Beyond the Woodblock: State Periodicals and Print Innovation in Late Imperial China

Friday, January 5, 2018: 8:50 AM
Thurgood Marshall East (Marriott Wardman Park)
Emily Mokros, University of California, Berkeley
Between the seventeenth and early twentieth centuries, the Qing dynasty in China outsourced the

publishing of official gazettes and directories to commercial publishers based in Beijing and

provincial capitals. The circulation of the “Peking Gazette,” a daily gazette that recorded

authoritative versions of bureaucratic activities and imperial actions, was a crucial element of the

information order built by the Qing state. Meanwhile, quarterly directories alerted readers to the

changing ranks of the imperial bureaucracy. Within a commercial publishing environment,

gazette and directory publishing became key sites for print innovation. Publishers drew on

vernacular techniques for the printing of ephemeral news-sheets to construct malleable frames

for the emendation and quick circulation of printed texts. Gazette publishers experimented with

clay, plant fiber, and wooden types and developed customized type for standard phrases

employed in official documents. The prevalent use of movable type techniques for periodical

printing in late imperial China contradicts assumptions based on elite and literati preferences for

rare and collectible editions.
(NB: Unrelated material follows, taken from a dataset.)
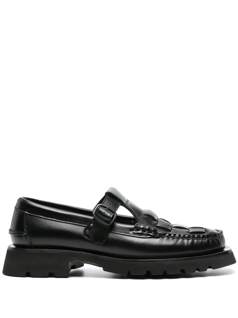 Noir, cuir de veau, bout carré, fermoir en T, semelle intérieure griffée, semelle crantée en caoutchouc.

The collectors’ impulse has led scholars to emphasize the

dominance of the woodblock and overlook the use of alternative printing techniques in late

imperial China. Movable and semi-movable type techniques were prevalent especially in the

production of cheap, ephemeral, and periodical texts that were of little interest to collectors. In

this paper, I will demonstrate the accessibility and suitability of alternative printing techniques in

the publication of directories and gazettes, the most important periodical representatives of the

state in late imperial China. In so doing, I seek to affirm the flexibility of the publishing

enterprise in China prior to the advent of “modern” technologies like lithography, and to argue

that the woodblock itself was not monolithic. In addition, I introduce new questions of the role of

the state, temporality, and customization in the study of premodern Chinese printing.